▶ EXERCISE DESCRIPTION:
Repeat exactly the lines that run from the start of the records below to the line with "O cortejo do", including both of those lines but not the pictures.
*** Opening of SOURCE RECORDS ***
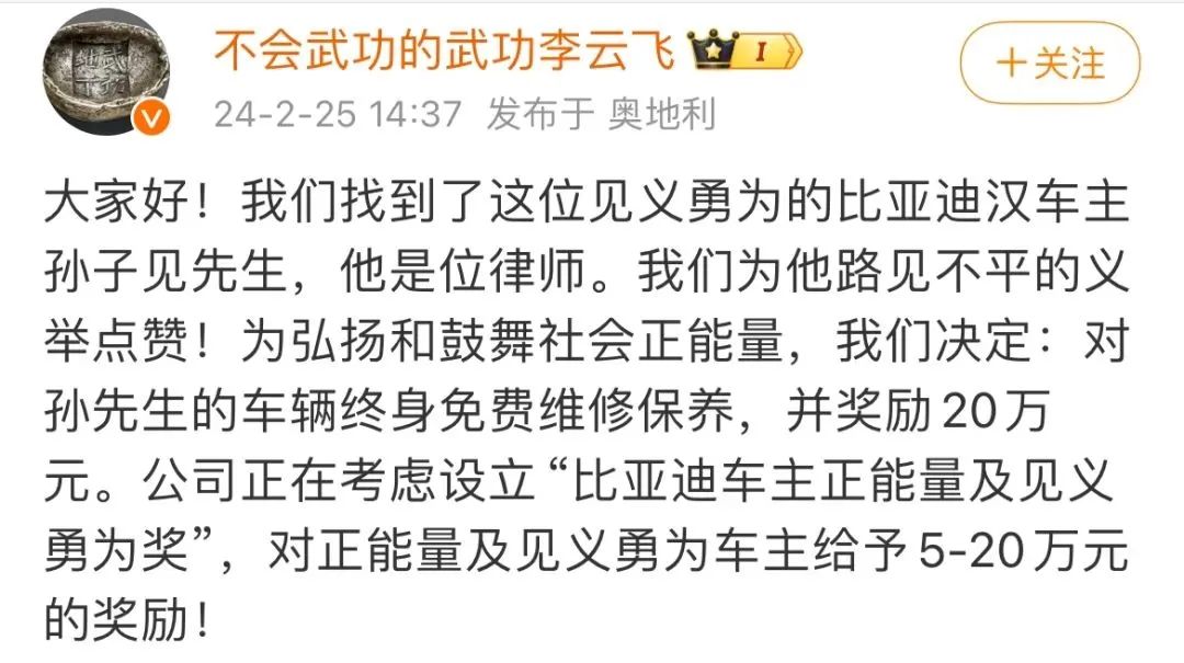 由于在杭州一条高架快速路上,某比亚迪车主见义勇为的事迹,比亚迪拿出了20万给该车主奖励,引发了诸多网友点赞。
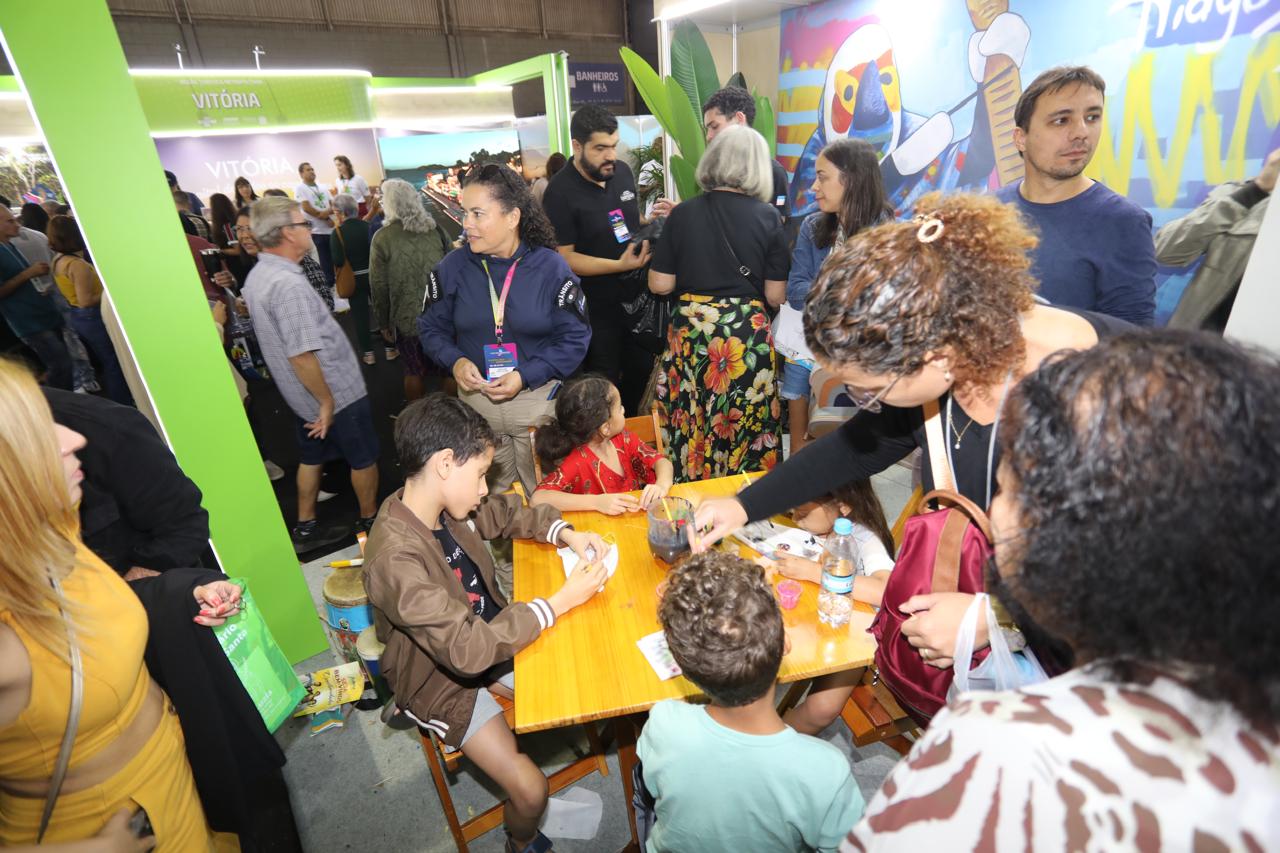 O cortejo do João Bananeira, personagem ícone de Cariacica, acompanhado de uma banda de congo, movimentou o público da Feira dos Municípios neste sábado (5). No estande, o público ainda pôde fazer pinturas de máscaras, e conferir a exposição de artesanato e produtos, como a banana orgânica, típica da região.
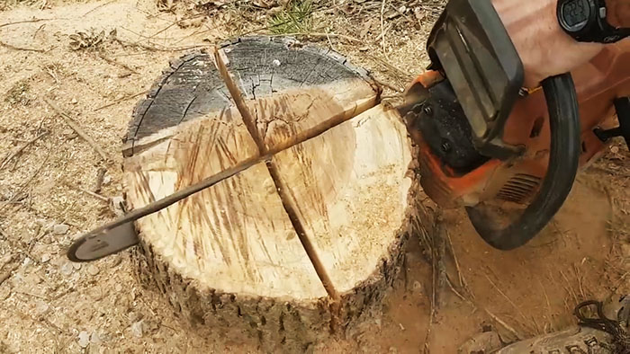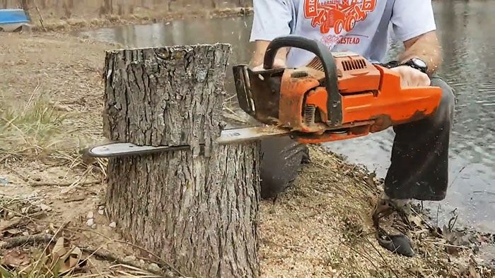 Срезаем верхню часть пня бензопилой, тем самым выравнивания поверхность.
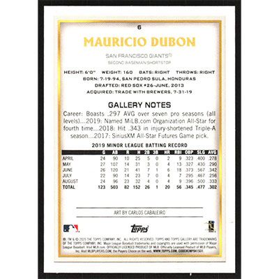 This is a 2020 Topps Gallery Mauricio Dubon baseball card. The card is #6 and pictures show condition. Team(s): San Francisco Giants Rookie Card (RC)
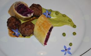 16.00: Predstavitev medenega menija z zmagovalno jedjo »VOU« – slastna govedina z vlivanci treh okusov in zelenjavo in degustacija – Marija Arh Ivanšek in Sandi Marolt;
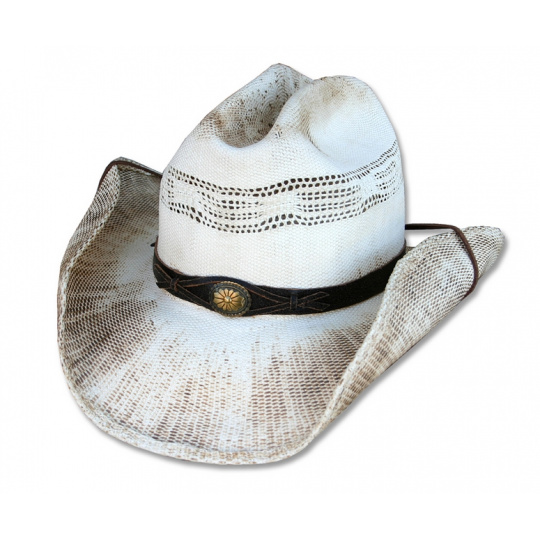 Slaměný klobouk s možností tvarování střechy. Concha na koženém pásku a nastavitelný kožený řemínek na připevnění klobouku.
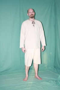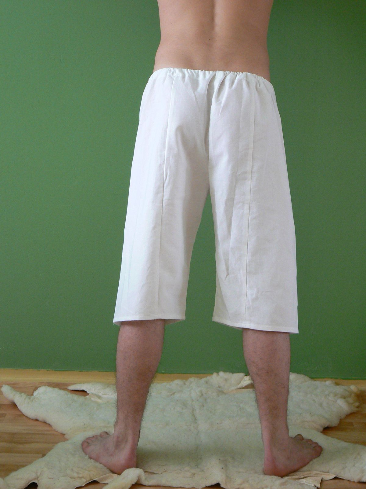 Pánské spodní prádlo. V pase na tkanici, s dírkami pro upevnění nohavic.
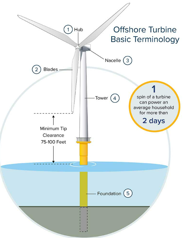 추가적으로 블레이드와 기준점의 Clearance도 고려해야 합니다. 이 높이에 대해서는 국내외 에는 정해진 규정은 없습니다. 하지만 일반적으로 터빈의 진입 및 작업이 가능한 높이롤 고려해야 합니다. 육상풍력에서는 나무가 자라는 높이등을 고려하여 20m이상의 간격을 두었습니다. 해상풍력에서는 Davit Crane의 운영 반경 등을 고려하여 30m 정도의 간격을 두는것이 일반적입니다.
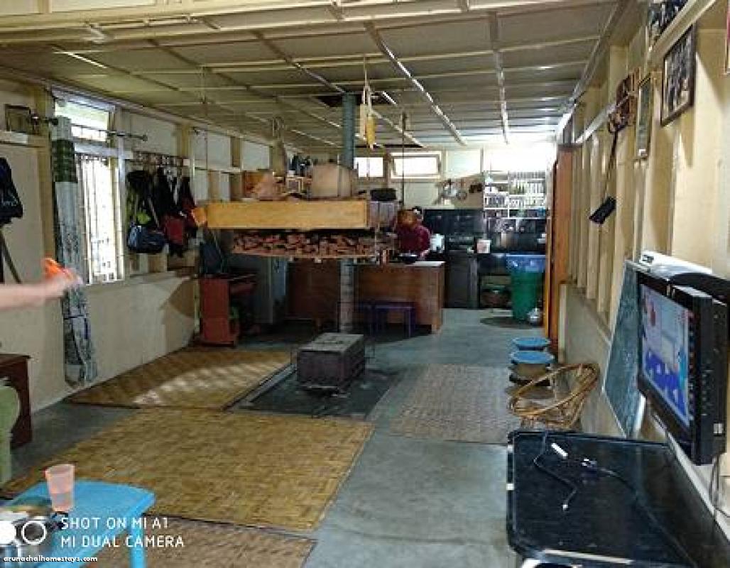 Kitchen is made of traditional Apatani style and there is a fire place. There is another kitchen which is fully modern, where guest can prepare their food. Guest usually gather or share to have a talk, to have their breakfast or dinner in traditional kitchen and guest can enjoy TV.
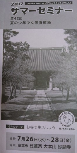 7月26日(水)~28日(金)の期間で大阪日蓮宗青年会主催で夏の少年少女修養道場ーサマーセミナーーが開催さ…
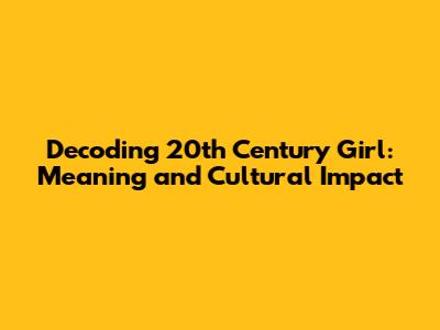Unpacking '20th Century Girl': Meaning & Impact
*** Close of SOURCE RECORDS ***
▶ RESPONSE TO THIS TASK:
 由于在杭州一条高架快速路上,某比亚迪车主见义勇为的事迹,比亚迪拿出了20万给该车主奖励,引发了诸多网友点赞。
 O cortejo do João Bananeira, personagem ícone de Cariacica, acompanhado de uma banda de congo, movimentou o público da Feira dos Municípios neste sábado (5). No estande, o público ainda pôde fazer pinturas de máscaras, e conferir a exposição de artesanato e produtos, como a banana orgânica, típica da região.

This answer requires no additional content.